The first model has 2 predictor variables and I want to know if the predictive power of the model increases with the addition of the 3rd predictor variable?
you can always look at the R^2 and CV-RMSE of the model with 2 variables vs the model with 3 variables. If the R^2 gets bigger and CV-RMSE gets smaller, then that would indicate the model is better. It doesn't answer the question of how much better, that would depend on the uncertainty of your variables, the size of the coefficients, standard error, etc.
You might try a graphical approach. In fact, I wrote the following method paper specifically because I have seen that so many people on ResearchGate have had similar questions regarding or related to comparing alternative models. Graphics can be very informative. Figures 5 and 6 could each be the result of comparing various pairs of models, not just the models used when I constructed them:
As a statistician, I see the value in statistics, but often graphics are more useful and less subject to misinterpretation. (I have a question somewhat related to that here: https://www.researchgate.net/post/How_often_does_a_statistical_test_have_much_value)
There have been a number of questions similar to yours where, among other things, I have suggested that the questioner research "model validation," and/or "model selection," but I really think graphics are far underrated, and sometimes more rigorous but harder to interpret statistics may not be of as much practical value.
Something for you to further note: If you leave out a necessary regressor (i.e., independent variable/predictor) you may have "omitted variable bias." If you use more regressors than you need, you could inflate variance substantially, due to collinearity. There are ways to deal with that latter problem (ridge regression at the expense of bias; principle components at the expense of interpretation; etc), but I think it often best just to use the regressors that subject matter theory, and perhaps residual graphics, both seem to support. (There could be various ways regressors may interact, but if you are only looking at the 'predictive power,' that simplifies the question.)
If you look at the estimated variances of the prediction errors, (for example, the square root of that in SAS PROC REG is STDI), that may often come close to a good and interpretable measure of uncertainty, as they are designed to estimate variance, but because of the way sigma is estimated, bias also has an impact on that measure.
Not knowing the exact nature of your study problem, and data, let me note that you have to decide what applies.

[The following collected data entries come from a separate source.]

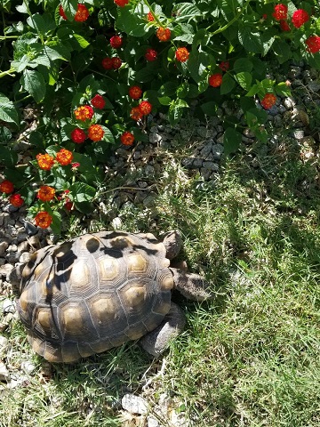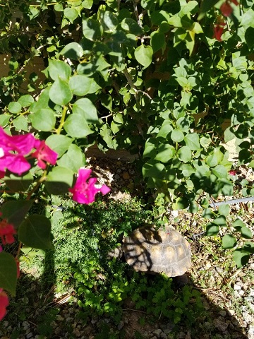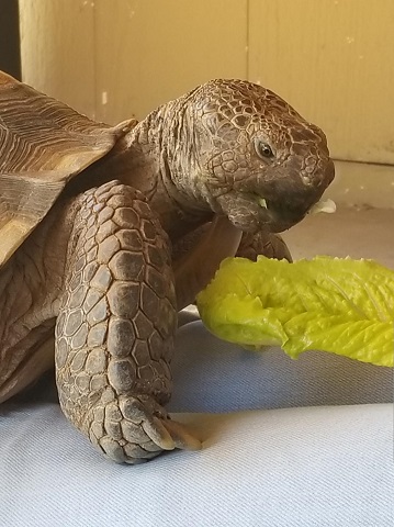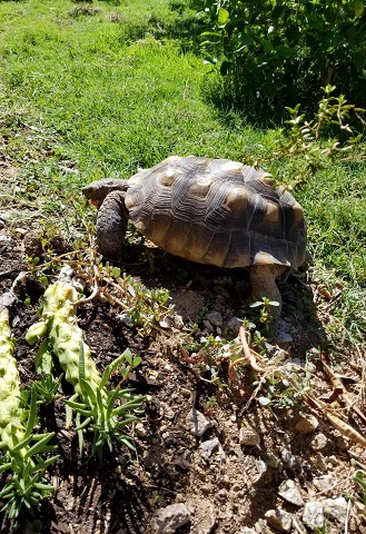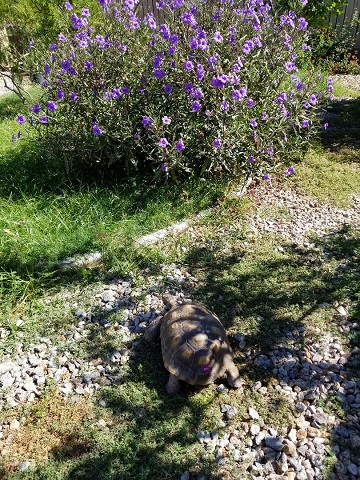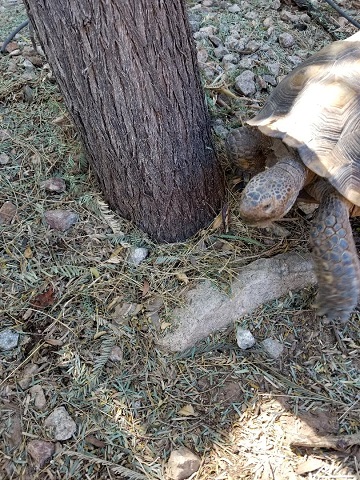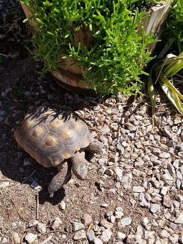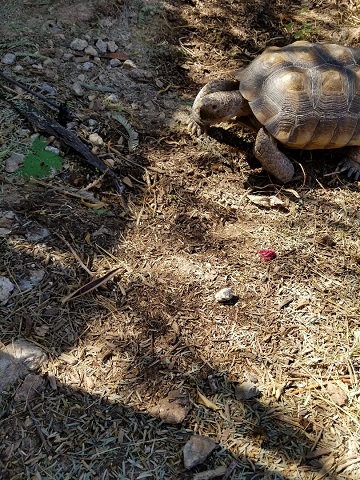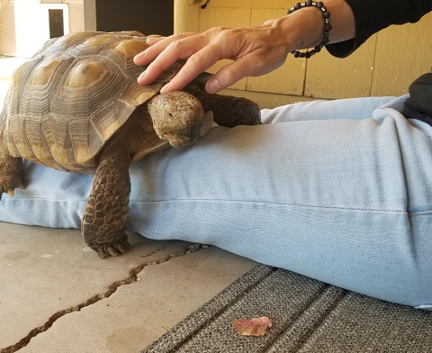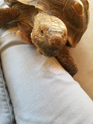 Geronimo did his Geronimo thing and charmed everyone. He easily bewitched Doctor R., who was again impressed with his personable and affectionate nature. She noted how he asked us to pet his head, nose, and neck, leaning into our hands and stretching his neck from one side to the other to get equal attention on both sides. According to her, many desert tortoises don’t care to be touched at all. “They’ll pull their heads in when you go to touch them,” she said. “You must spend a lot of time with Geronimo.” We do, indeed, not to mention AGAIN that we really bonded with the little guy when we had to keep him indoors, entertained, and out of trouble during hibernation season that first year. Last year. Yeah, that was a lot of bonding.
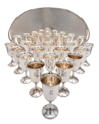 each having an engraved script monogram E and raised on a circular foot, together with an associated silver-plate serving tray.
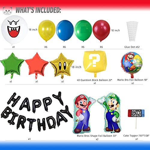 MARIO BROS THEMED PARTY DECORATION – Unique super mario party character themed balloon included: (1) mario 3D balloon 18, (1) luigi 3D balloon 18, …
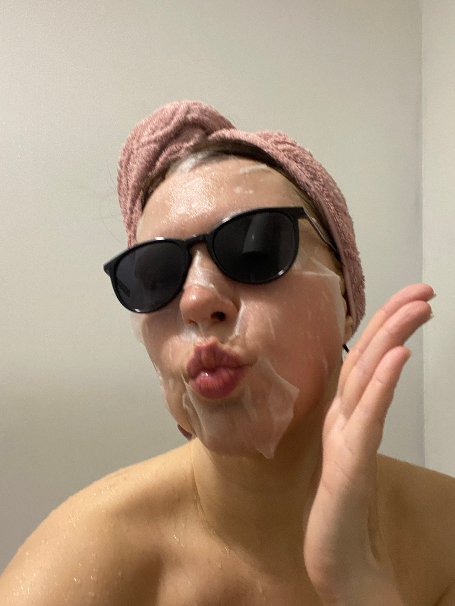 A woman is shown from a low angle, wearing a face mask and dark sunglasses, with a peach-colored towel wrapped around her head. Her skin appears wet, possibly from a recent shower. She is holding up o…read more

It is to be expected that addition of an extra independent variable to a model will raise the predictive power of the model. Like Fabrice suggested, application of an information criterion like Akaike Infomation Criterion (AIC), Bayesian Information Criterion (BIC), Schwarz Information Criterion (SIC), Hannan Quinn Criterion (HQ), Finite Prediction Error (FPE), etc. will introduce an over-parametrization penalty to allow for parametric parsimony.
More is not always better. (Note "Such models may generalize poorly," stated in the abstract to "Sensitivity and Specificity of Information Criteria," June 27, 2012, Dziak, Coffman, Lanza, and Li,
The Pennsylvania State University, https://methodology.psu.edu/media/techreports/12-119.pdf.)
You might want to research "bias-variance tradeoff."